Bimo menoleh sekilas ke arah Luna. Lalu ia pun kembali menatap ke atas, menekuni langit-langit kamar itu.

Bimo menahan napasnya, saat dilihatnya Luna yang kini sudah menjadi istrinya itu nyaris tanpa busana. Hanya pakaian dalam berwarna merah menyalanya saja yang tampak menutupi bagian paling intim milik wanita cantik itu. 

Dan kemudian, perlahan ia kenakan daster tipis transparan berwarna merahnya tadi. 

Di bawah penerangan lampu yang temaram, sosok Luna tampak kian cantik dan seksi saat sudah mengenakan daster itu. 

Bimo meremas-remas jari jemarinya sendiri. Menghembuskan napasnya berkali-kali dengan kasar. 

"Sudah, Bimo, kamu tidak usah memandangi langit-langit kamar itu lagi!" Suara Luna menghentikan lamunan panjang lelaki itu.

"Ya, Mbak!" jawabnya dengan suara bergetar.

"Panggil aku seperti panggilan yang kamu pilih waktu itu, My Lovely! Dan sekarang gantilah pakaianmu! Pilih saja baju-baju dalam lemari itu!" Luna berdiri tepat di hadapan Bimo yang masih duduk di sisi ranjang.

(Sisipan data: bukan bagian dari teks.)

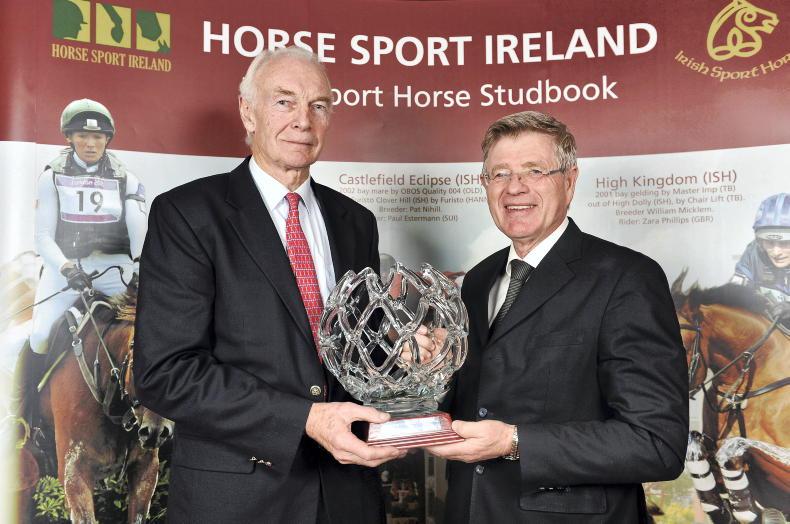 John Hughes receives the HSI Outstanding Contribution to ISH Breeding award from Jim Beecher, chairman of the Breeding Sub- Board HSI, during the HSI Annual Breeder Awards, Bloomfield House Hotel, Mullingar, Co Westmeath in November 2013 \ Barry Cregg Sportsfile

"Baik, My Lovely!" Bimo bangkit dan menuju ke lemari. Langkahnya kaku. Ia masih merasakan bagaimana nelangsanya perasaannya saat melihat keindahan tubuh Luna. Tubuh yang tak bisa ia jamah, karena ia hanya suami yang dibayar untuk menutupi aib kehamilan Luna, dan tentunya ia bukanlah suami sungguhan bagi wanita itu. Wanita yang saat ini mulai membuatnya jatuh cinta.

Luna membiarkan Bimo mengganti pakaiannya. Luna pura-pura sudah tertidur, meski ia masih mengintip Bimo dari sela kelopak mata indahnya. Ada kegetiran dalam hatinya saat ia harus membiarkan tubuh kekar Bimo tak mendekapnya. 

Luna ingat janjinya waktu itu, saat meminta Bimo untuk menikah dengannya, "Bimo, aku janji tidak akan merusakmu dengan pernikahan ini."

Mengingat itu, hati Luna kian sepi, karena harus menikmati malam pertamanya hanya dalam dingin, dan tanpa kehangatan cinta.

Tubuhnya kian menggigil gelisah saat dirasanya tubuh Bimo sudah berbaring di sampingnya.

Detak jarum jam dinding, menjadi irama kamar pengantin yang sunyi itu. Suaranya seperti sedang mengejek kebekuan mereka.

Malam semakin merangkak. Namun kedua insan yang mulai saling mencinta itu belum juga tertidur, meski mata kedua nya sudah tampak terpejam. 

Keduanya malu menyatakan hasrat mereka masing-masing. Karena terikat sebuah janji. 

Plaaaak …

Tiba-tiba sebuah rangkulan dirasakan oleh Luna.

"My Lovely!" desahnya hangat, seperti sedang menginginkan sesuatu.

Luna bergeming, dan membiarkan dekapan itu kian menghangatkannya.

Ia biarkan jemari lentiknya disentuh lembut oleh jemari kokoh Bimo. Dan kemudian memasangkan jari jemari mereka satu persatu hingga saling menyatu.

Luna juga membiarkan bibir merahnya disentuh oleh bibir Bimo.

Detak jarum jam kian terasa kencang, seolah ingin berpacu dengan detak jantung kedua insan yang sedang dimabuk asmara itu.

Dekapan Bimo kian erat merengkuh tubuh Luna. Daster tipisnya tersingkap sedikit, memamerkan paha putih mulus wanita itu.

Luna pun membalas dekapan itu. 

Dekapan itu terasa hangat sekali. Bimo menatap lekat wajah cantik sang tuan. Berkali-kali ia daratkan kecupan lembut pada wajah itu.

"Apakah kau menginginkan ini, My Lovely?" bisik Bimo ketelinga Luna.